### Information shown:
=== Section Start ===

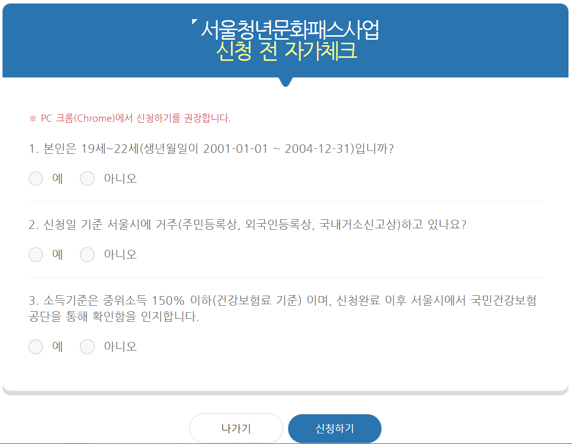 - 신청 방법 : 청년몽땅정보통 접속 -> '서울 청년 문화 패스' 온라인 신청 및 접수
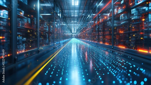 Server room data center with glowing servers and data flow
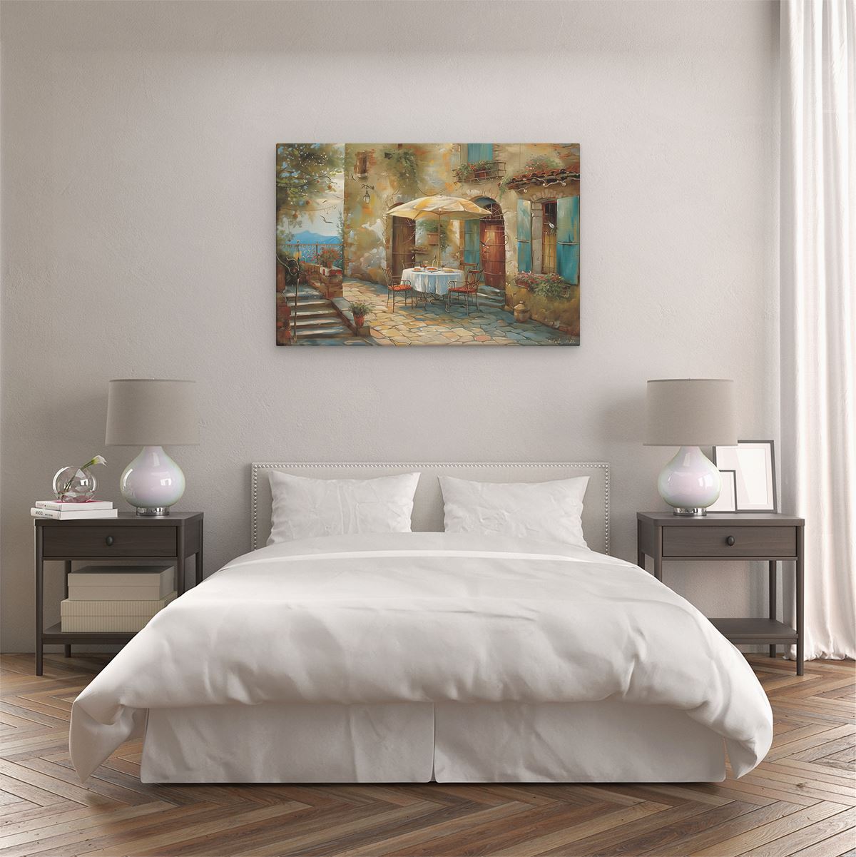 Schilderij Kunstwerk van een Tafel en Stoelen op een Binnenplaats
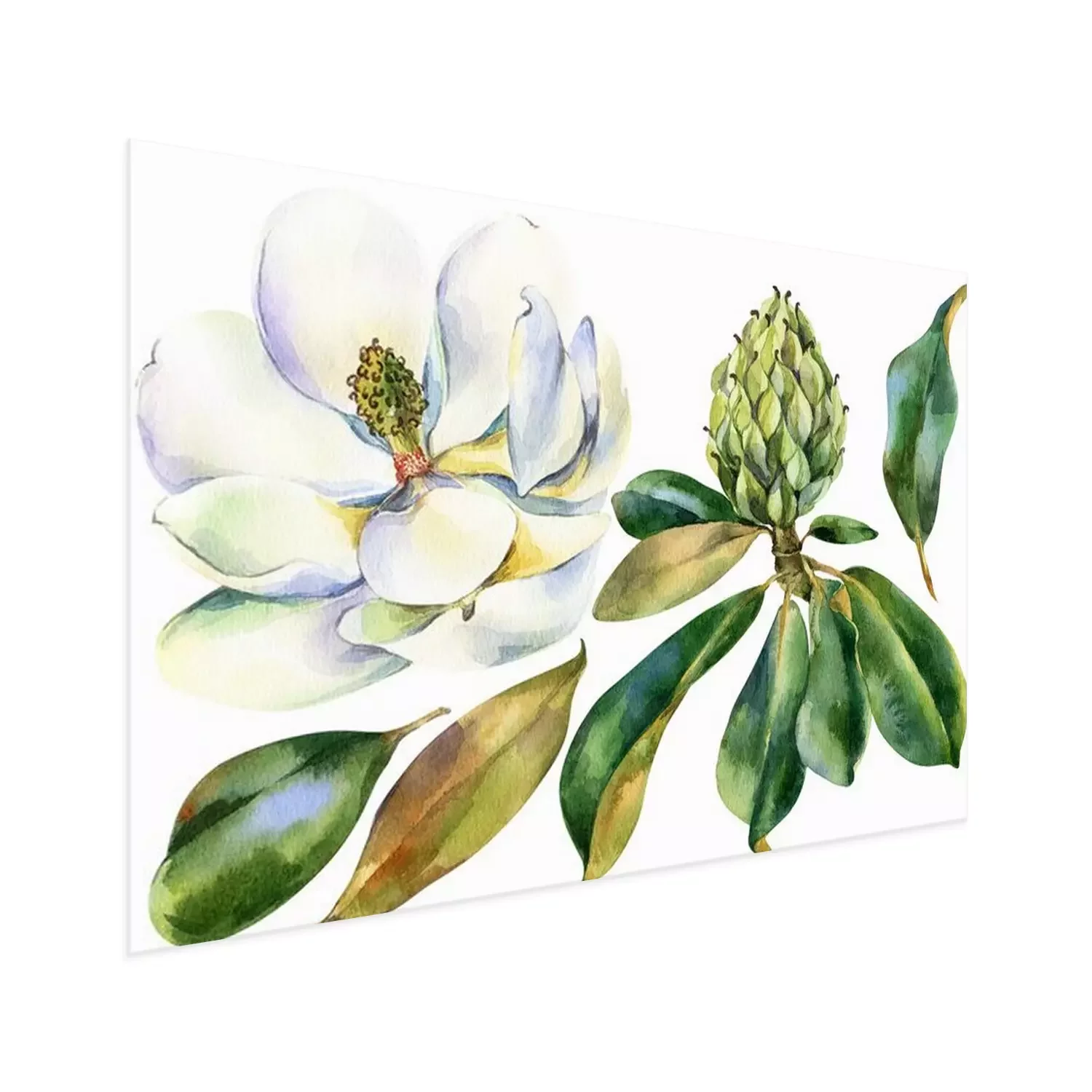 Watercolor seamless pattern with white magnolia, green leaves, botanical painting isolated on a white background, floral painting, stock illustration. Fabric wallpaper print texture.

=== Section End ===

### Aim of the task:
Repeat the material exactly and drop each image.

### Answer to this exercise:
 - 신청 방법 : 청년몽땅정보통 접속 -> '서울 청년 문화 패스' 온라인 신청 및 접수
 Server room data center with glowing servers and data flow
 Schilderij Kunstwerk van een Tafel en Stoelen op een Binnenplaats
 Watercolor seamless pattern with white magnolia, green leaves, botanical painting isolated on a white background, floral painting, stock illustration. Fabric wallpaper print texture.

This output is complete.